Child Benefit Reforms Could Leave 'Up To Million' Families Struggling To Claw Back Income, Warns Labour

Labour Slam Child Benefit Reforms

Up to one million families face having their child benefit clawed back through complicated self-assessment tax returns, Labour warned on Saturday.

The Treasury has confirmed around 200,000 parents have opted out of claiming the benefit ahead of reforms due to come in on Monday that mean the top 15% of earners will no longer be eligible to claim some or all of the cash.

But around 800,000 families are known to be affected by the reforms with a further 400,000 potentially hit through changes in income over the next financial year.

Shadow Treasury minister Chris Leslie said: "These figures mean up to a million families now face having all their child benefit clawed back through complicated self-assessment tax returns at the end of the year.

"This is a costly administrative nightmare that could also lead to family rows as couples decide who takes the financial hit. And it's unfair too, because single earner families on £50,000 will have their child benefit cut while some couples earning as much as £100,000 keep all of theirs and millionaires actually get a tax cut.

"With every passing day it's clearer and clearer that David Cameron and George Osborne totally failed to think this policy through."

HM Revenue and Customs chief executive Lin Homer said twice as many families had already opted out of receiving the payment than had been expected, and insisted the changes were going "better than expected".

But the Centre for Social Justice (CSJ) warned the cuts risked "pouring further fuel on the fire" of family breakdown.

Managing director Christian Guy said: "UK family breakdown is spiralling out of control - the chaotic child benefit reforms being introduced on Monday risk pouring further fuel on the fire.

"The new rules will mean that married couples where one earns over £50,000 pa will be unable to avoid losing some or all of their child benefit. Meanwhile similar couples who are cohabiting will face unenviable choices: a severe financial penalty if they marry or breaking the law if they deny their relationship status.

"This creates a potential 'marriage penalty', despite evidence showing how crucial marriage is to stable families and children. Research illustrates that break-up rates are three times higher for couples who cohabit compared with those who marry.

The CSJ warning follows a report by the Institute for Fiscal Studies yesterday that said families would end up losing as much as 65p of every extra pound they earned - making it more likely they would work less or put more into pension funds to avoid the hit.

Households where one parent earns more than £60,000 a year will have to return the entire amount through the self-assessment system unless they have opted out of receiving it in the first place.

It will be taken away on a sliding scale where mothers or fathers earn between £50,000 and £60,000 - causing a significant rise in marginal tax rates for those families, according to the IFS.

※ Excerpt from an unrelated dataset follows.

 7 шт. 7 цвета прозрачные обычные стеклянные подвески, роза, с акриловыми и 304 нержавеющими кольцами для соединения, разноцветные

The system for recovering the money has proved highly controversial, especially as families where both parents earn just under £50,000 each will keep their payments.

Ms Homer told Radio 4's Today programme the changes were going "smoothly" and administration costs were lower than expected.

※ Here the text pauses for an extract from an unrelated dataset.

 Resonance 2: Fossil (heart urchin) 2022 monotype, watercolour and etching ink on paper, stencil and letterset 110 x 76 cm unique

She said: "I think we have been very proactive. We have written to 800,000 people. 1.2 million is the estimate and of course things like people's income changes during the year so we have written to everyone we know is affected by the change."

Asked if HMRC would pursue families that did not register that they were above the threshold she replied: "We are going to talk to those people and that's what we have been doing since this autumn."

Ms Homer told Today: "Twice the number of people we expected to opt out have done so already so we are well ahead of where we expected to be at this point."

She added: "Because it has worked better than expected the administration charge of implementing this change we think is only going to be 50% of what we expected. We think it will cost us £11 million to raise the £2bn that this change will raise."

The Treasury said 85% of the population will continue to receive child benefit as they do now while 90% would still receive some of the benefit.

Anne Longfield, chief executive of 4Children, which runs Sure Start centres, said: "Universal child benefit has long been recognised as a symbol of the value our society places on children.

"Cutting this support for families where someone earns over £50,000 per year seriously undermines that commitment, especially at a time when others earning similar amounts who do not have children are not being asked to contribute more.

"Hard working families are already worried about how they will accommodate the rising cost of many day to day necessities such as childcare, rail fares and food. Removing their child benefit will be a damaging blow for families already feeling stretched to the limit. Government has difficult decisions to make but families with children should not be on the frontline of cuts once again."